### [YOUR INSTRUCTIONS]
Give again, word for word, every line in the entries below from the line with "Freedom Moses Isla" up to and including the line with "Background made with", and no other line.

### [DATASET CONTENT]
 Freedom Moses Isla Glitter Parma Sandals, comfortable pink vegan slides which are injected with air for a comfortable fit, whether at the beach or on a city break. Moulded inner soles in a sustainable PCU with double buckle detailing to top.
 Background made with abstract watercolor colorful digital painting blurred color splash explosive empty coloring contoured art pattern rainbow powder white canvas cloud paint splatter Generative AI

---

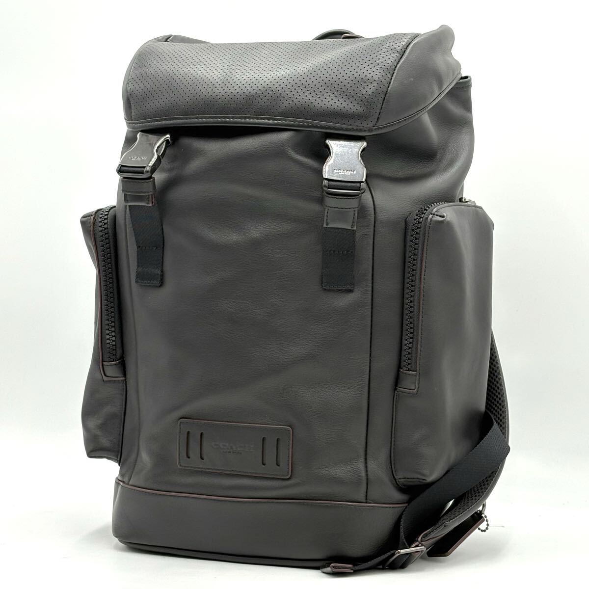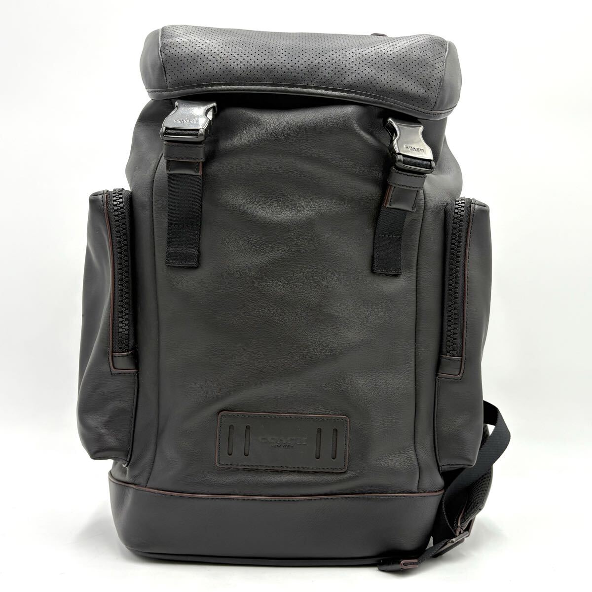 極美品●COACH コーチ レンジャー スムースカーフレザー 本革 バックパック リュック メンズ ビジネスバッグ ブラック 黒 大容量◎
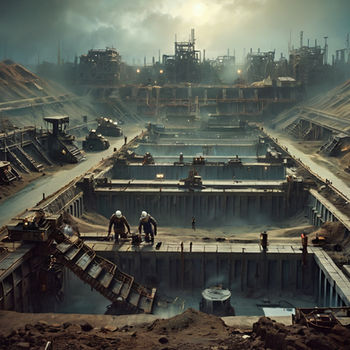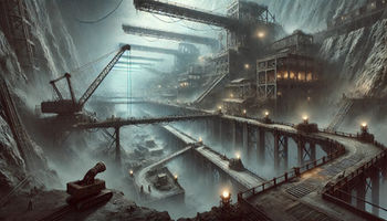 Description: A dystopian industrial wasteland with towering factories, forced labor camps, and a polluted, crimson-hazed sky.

---

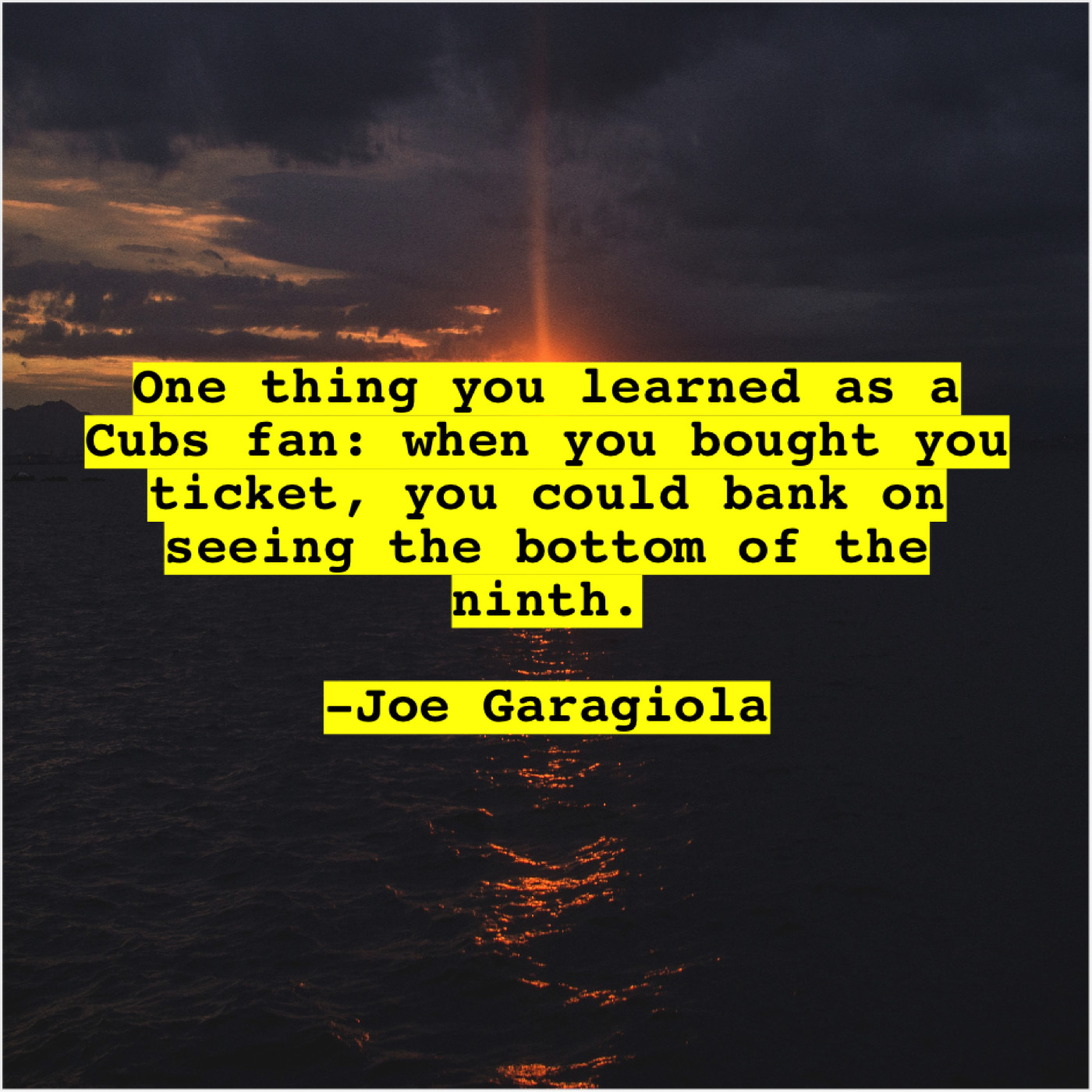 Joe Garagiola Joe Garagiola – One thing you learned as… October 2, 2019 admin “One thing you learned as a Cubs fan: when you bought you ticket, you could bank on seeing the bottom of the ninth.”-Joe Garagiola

### [RESPONSE]
 Freedom Moses Isla Glitter Parma Sandals, comfortable pink vegan slides which are injected with air for a comfortable fit, whether at the beach or on a city break. Moulded inner soles in a sustainable PCU with double buckle detailing to top.
 Background made with abstract watercolor colorful digital painting blurred color splash explosive empty coloring contoured art pattern rainbow powder white canvas cloud paint splatter Generative AI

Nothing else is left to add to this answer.